Put Options Explained

A put option gives you the right to sell a stock at a specific price (strike price) before the expiration date. Puts are essential for both protection and income strategies.

What Buying a Put Means

When you buy a put option, you pay a premium to gain the right to sell 100 shares of a stock at the strike price. This is like buying insurance—you profit if the stock falls.

Example: Buying a Put for Protection

Stock: Tesla (TSLA) trading at $200
You own: 100 shares
You buy: 1 put option with $190 strike, expiring in 30 days
Premium paid: $5.00 per share = $500 total

If TSLA crashes to $170: Your put is worth at least $20 ($190 - $170), giving you a $1,500 profit ($2,000 - $500 premium), offsetting your $3,000 stock loss.
If TSLA stays above $190: Your put expires worthless, but you only lost the $500 premium (insurance cost).

Best for: Protecting stock positions or making bearish directional bets with limited risk.

What Selling a Put Means

When you sell a put option, you receive a premium and take on the obligation to buy 100 shares at the strike price if the buyer exercises. This is the foundation of income strategies like cash-secured puts.

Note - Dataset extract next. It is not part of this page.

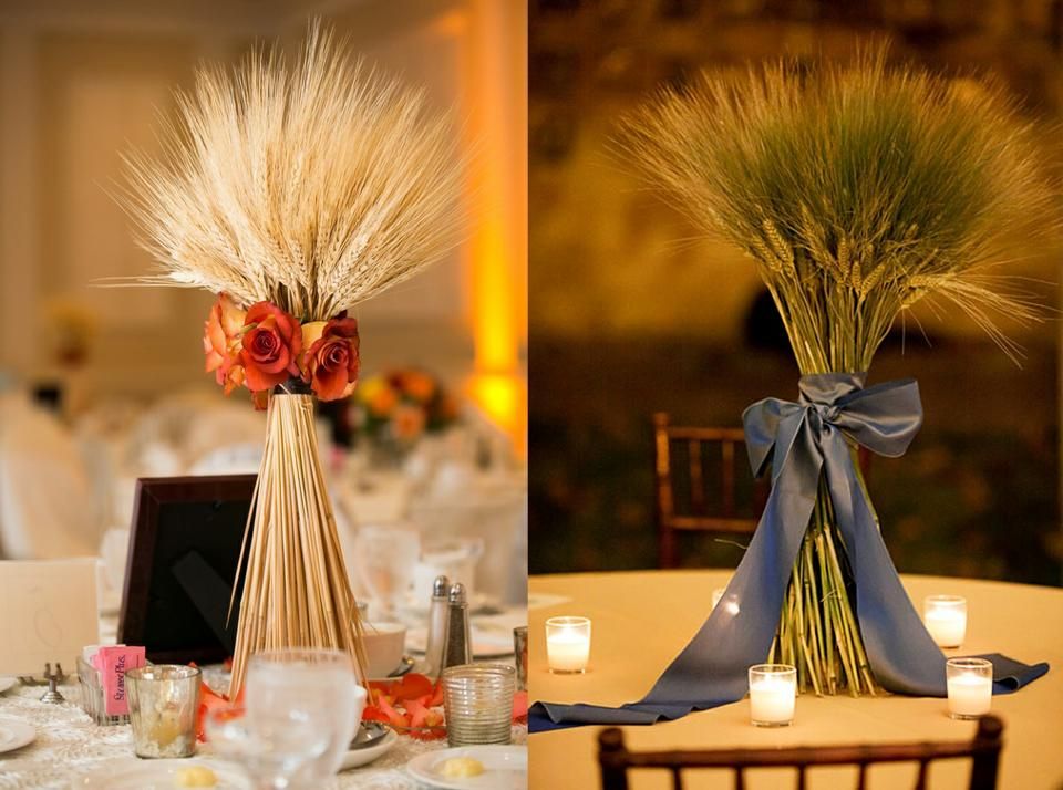 Колосья пшеницы отлично смотрятся в букетах и бутоньерках. Их можно дополнить садовыми и полевыми цветами, сухоцветами, а также ягодами шиповника или рябины.

Example: Selling a Cash-Secured Put

Stock: Microsoft (MSFT) trading at $350
You sell: 1 put option with $340 strike, expiring in 30 days
Premium received: $3.50 per share = $350 total
Cash reserved: $34,000 (to buy 100 shares if assigned)

If MSFT stays above $340: The put expires worthless, you keep the $350 premium (1% return in 30 days).
If MSFT falls below $340: You may be assigned to buy 100 shares at $340, but you got them at a discount (current price minus the $3.50 premium you collected).

Best for: Generating income while waiting to buy stocks at a discount. See Cash-Secured Puts strategy.

Assignment Mechanics

When you sell a put and it expires in-the-money (stock price below strike), the buyer can exercise their right to sell shares to you. This is called assignment.

What Happens When Assigned

Your broker automatically buys 100 shares at the strike price. You now own the stock and can sell covered calls on it—this is step 2 of The Wheel Strategy.

Can You Avoid Assignment?

You can roll the put to a later expiration or buy it back to close the position. Learn more about assignment and exercise.

Why Puts Are Used for "Buying Stocks at a Discount"

When you sell a cash-secured put, you're essentially saying: "I'm willing to buy this stock at $X, and I'll collect premium while I wait."

Example: Effective Purchase Price

You sell a put with $100 strike and collect $3 premium.
If assigned, you buy at $100, but your effective cost is $97 ($100 - $3 premium).
This is why value investors love cash-secured puts—you get paid to wait for your entry price.